From 4515075b644d1e38920eb5bdaaa898e1698510a8 Mon Sep 17 00:00:00 2001
From: Greg Stark <stark@mit.edu>
Date: Tue, 22 Mar 2022 15:51:32 -0400
Subject: [PATCH v4 1/2]     Update relfrozenxmin when truncating temp tables

    Make ON COMMIT DELETE ROWS reset relfrozenxmin and other table stats
    like normal truncate. Otherwise even typical short-lived transactions
    using temporary tables can easily cause them to reach relfrozenxid.

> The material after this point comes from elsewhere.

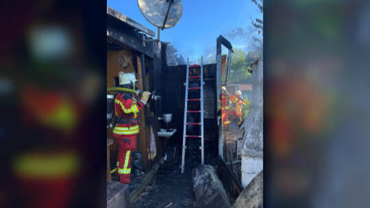 Am Sonntagmorgen wurde die Bruchsaler Feuerwehr um 7:52 Uhr mit dem Alarmstichwort „Gartenhüttenbrand“ in die Kleingartenanlage Hanfröste gerufen. Eine dicke schwarze Rauchwolke zeigten den Einsatzkräften den Weg zum Brandort. Beim Eintreffen des ersten Fahrzeugs stand ein Saunaanbau einer Gartenhütte im Vollbrand und hatte bereits auf die Gartenhütte übergegriffen. Umgehend wurde mit zwei Trupps unter Atemschutz mit zwei C-Rohren die Brandbekämpfung eingeleitet. Der Brand konnte schnell unter Kontrolle gebracht und gelöscht werden. Das Feuer war bereits in die Dämmung der Sauna und im Dachbereich der Gartenhütte in deren Dämmung gelaufen. Bei der Kontrolle mit der Wärmebildkamera waren etliche Wärmequellen aufzufinden.

    Also add warnings when old temporary tables are found to still be in
    use during autovacuum. Long lived sessions using temporary tables are
    required to vacuum them themselves.

    For the warning to be useful modify checkTempNamespaceStatus to
    return the backend pid using it so that we can inform super-user
    which pid to terminate. Otherwise it's quite tricky to determine
    as a user. Rename the function to avoid an incompatible ABI break.
---
 src/backend/access/transam/varsup.c | 12 ++++---
 src/backend/catalog/heap.c          | 54 +++++++++++++++++++++++++++++
 src/backend/catalog/namespace.c     |  9 +++--
 src/backend/postmaster/autovacuum.c | 48 ++++++++++++++++++-------
 src/include/catalog/namespace.h     |  4 +--
 5 files changed, 107 insertions(+), 20 deletions(-)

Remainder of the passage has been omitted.